Researchers from Aarhus University, in collaboration with partners including the power-to-x sector, are building a prototype of an entirely new, scalable, and modular technology that can help realize Denmark’s ambitions for significantly more CO₂-neutral biogas.

This effort is part of the project with the catchy name E-CH4 Booster, which has just been awarded DKK 24.6 million in EU funding from the Just Transition Fund. The project is the culmination of many years of research in which Denmark is setting the standard - research that is now ready for industrialization. As Associate Professor Michael Vedel Kofod from Aarhus University’s Department of Biological and Chemical Engineering explains:

“Denmark holds a unique position because we produce so much biogas. With this technology, we could potentially look forward to a future where we not only meet our current gas consumption but also produce green gas for the sustainable transition of heavy transport and shipping.”

He continues:

“We’ve been researching and maturing this technology for over 10 years - from the very first laboratory experiments to full-scale systems. Now, the technology is nearly ready to operate under commercial conditions and be scaled up further. The result of many years of research is now entering the real world and it’s incredibly motivating and satisfying to see our ideas and long-term research efforts maturing and approaching a stage where they can make a difference.”

Direct Implementation

The technology is a kind of add-on for new and existing biogas plants and primarily consists of an electrolysis unit and a biomethanation reactor. This setup converts CO₂ - which would otherwise be emitted during biogas production - into so-called e-methane using microorganisms and hydrogen produced from renewable energy.

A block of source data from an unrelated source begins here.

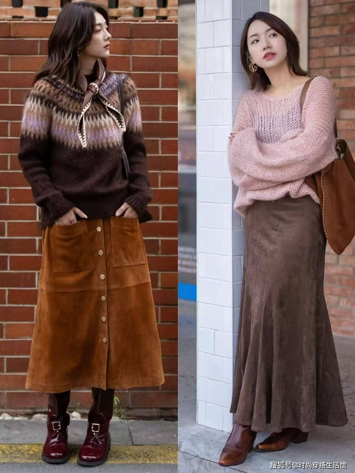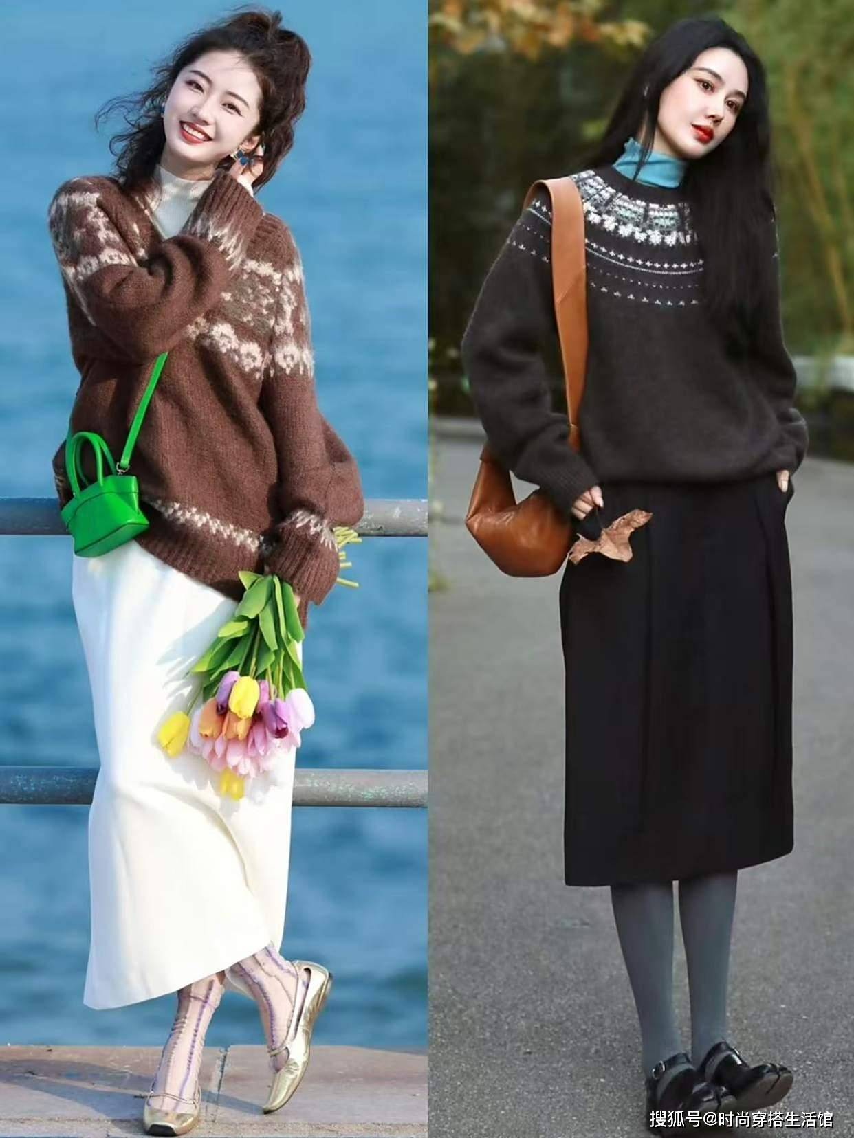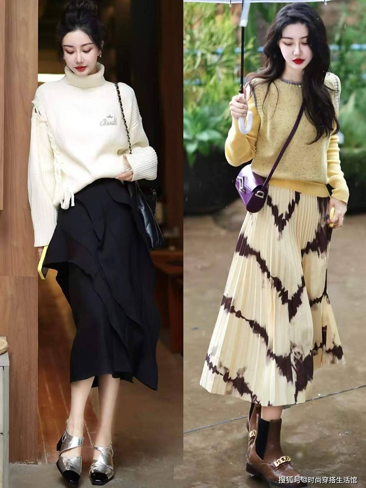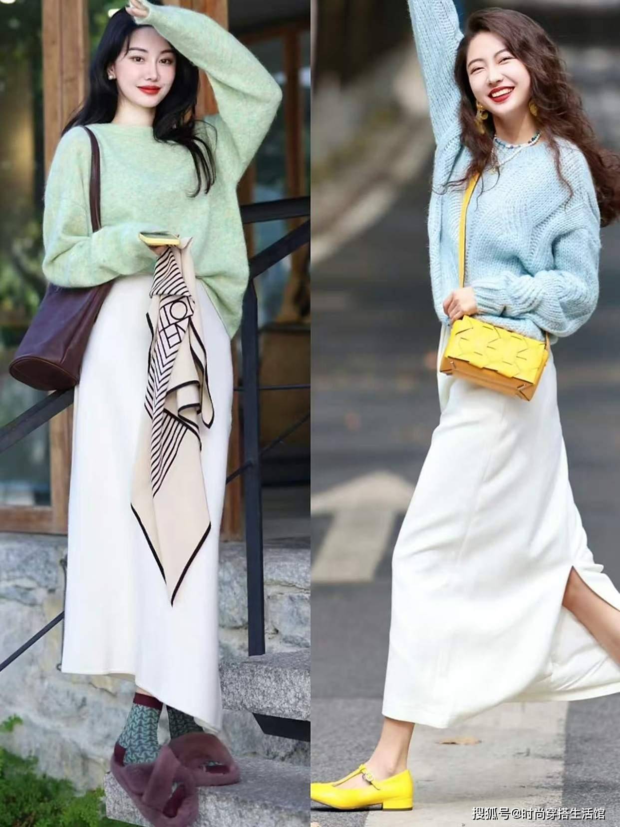 今年“毛衣+半身裙”太美了,这样穿减龄时髦又高级,太适合秋天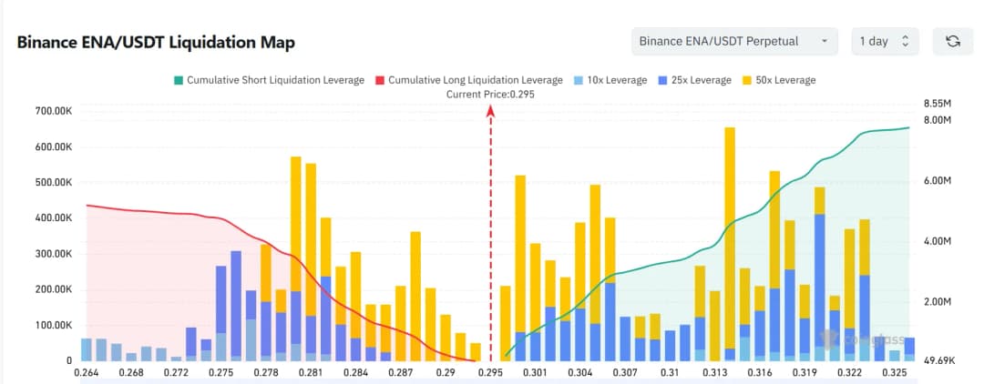 نقشه حرارتی لیکوئیدیشن بایننس نشاندهنده خوشهای از لیکوئید شدنهای شورت بین ۰.۳۰۵ تا ۰.۳۲۵ دلار است. قیمت ۰.۲۹۵ دلاری در زمان نگارش درست پایین این محدوده حیاتی قرار دارد. بنابراین هر حرکت صعودی به این ناحیه میتواند منجر به فشردگی شورت و تسریع رشد قیمت شود. بهعکس، ریسک نزولی قابل توجه است چراکه لیکوئید شدنهای لانگ انباشته زیر ۰.۲۸ دلار انباشته شدهاند. این فشارهای متضاد زمینه را برای نوسان فراهم کردهاند و معاملهگران باید برای تأیید جهت حرکت کوتاهمدت به شکست بالای ۰.۳۰۵ دلار یا شکست زیر ۰.۲۸ دلار توجه کنند.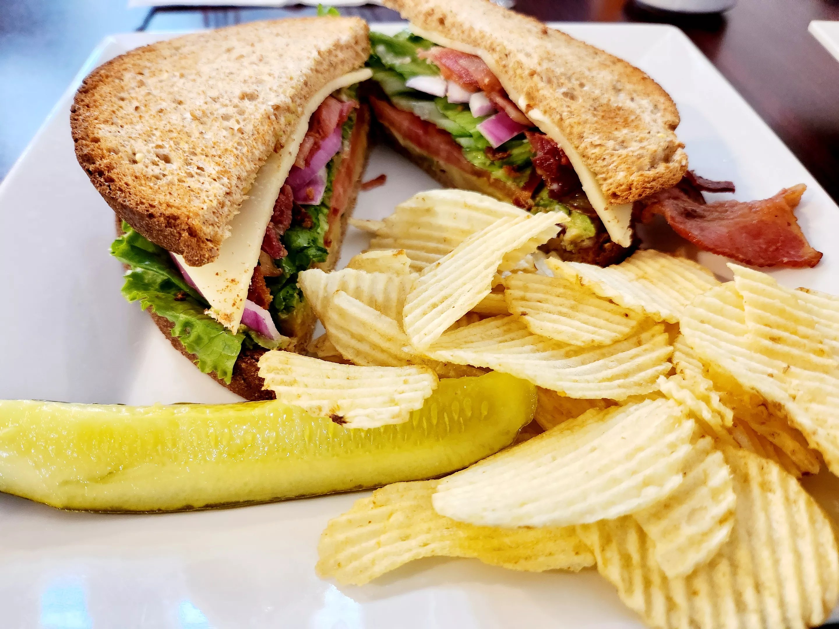 We narrowly missed breakfast hours, so it was lunch for us. We started with the “BATLOC” sandwich ($11.49): bacon strips, avocado, tomato, lettuce, onion and cheese (provolone) on toast. Hence “BATLOC.”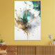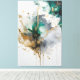 Esta obra abstracta combina pinceladas fluidas de pintura en tonos de verde esmeralda, blanco y gris con elegantes pinceladas metálicas doradas. La textura orgánica se entrelaza con salpicaduras de oro y formas etéreas, creando un contraste entre ligereza e intensidad. La composición evoca elementos naturales como el mármol, las nubes o las nebulosas cósmicas, manteniendo un ambiente sofisticado y contemporáneo. La aplicación de dorado añade un toque de lujo sutil, lo que la hace ideal para entornos modernos y elegantes.

The result is up to 50% higher gas production.

“In short, it’s about using green energy - when it’s cheap - to extract even more green gas from our biogas production, and in doing so, avoiding the CO₂ emissions we currently release from the biogas,” says Thomas Lundgaard, Deputy Head of Department at the Department of Biological and Chemical Engineering.

The technology can be directly integrated into the existing biogas infrastructure, and after refinement, the e-methane can be used as fuel or fed into the gas grid.

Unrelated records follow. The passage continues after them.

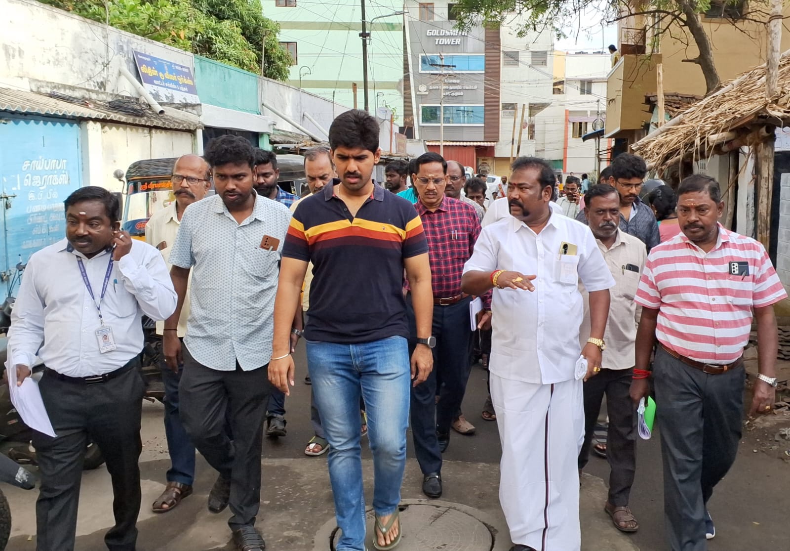 உடன் மத்திய மண்டலம் உதவி ஆணையாளர் மகேஷ் கணகராஜ், மண்டல சுகாதார அலுவலர் குணசேகரன், உதவி பொறியாளர் விமல் ராஜ் சுகாதார ஆய்வாளர் தனபால் மற்றும் பகுதி 2துணை செயலாளர் என்.ஜெ.முருகேசன் கழக நிர்வாகிகள் உடன் இருந்தனர்.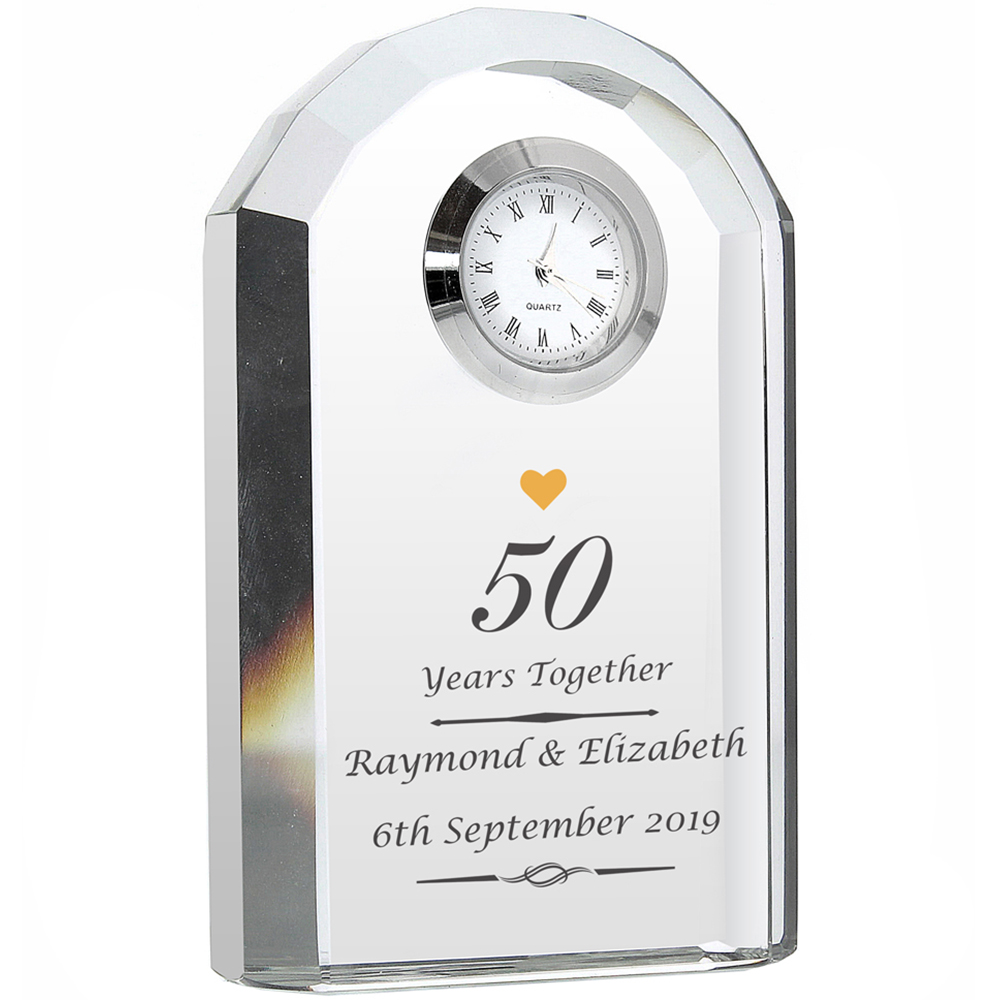 Personalised Memento Personalised Golden Anniversary Crystal Clock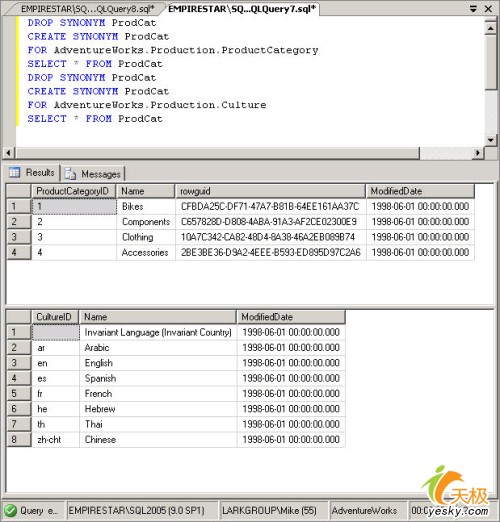注意,當你任何時候想改變一個同義詞時,你需要使用drop和create;不存在alter synonym語句。圖2顯示出運行這個批處理語句的結果。

However, the construction of a prototype does not mean that the research and development efforts are over, Thomas Lundgaard emphasizes:

“The large power-to-x projects have faced tough times due to high costs, dependence on major infrastructure investments, and more. Here, however, we have a solution with the potential - independent of all that - to deliver green fuels on a much shorter timeline. The technology that is to be deployed commercially will play a crucial role in the future energy system, and that requires us to continuously improve it. But as a university, we are extremely pleased to be collaborating with skilled Danish companies to make this happen - with all the opportunities it brings for green transition, improved energy security, and job creation.”

The prototype is being designed and developed in collaboration with the companies EMS ApS and Pura Futura, and the project also includes partnerships with Fredericia College of Marine and Technical Engineering and Rybners Technical College.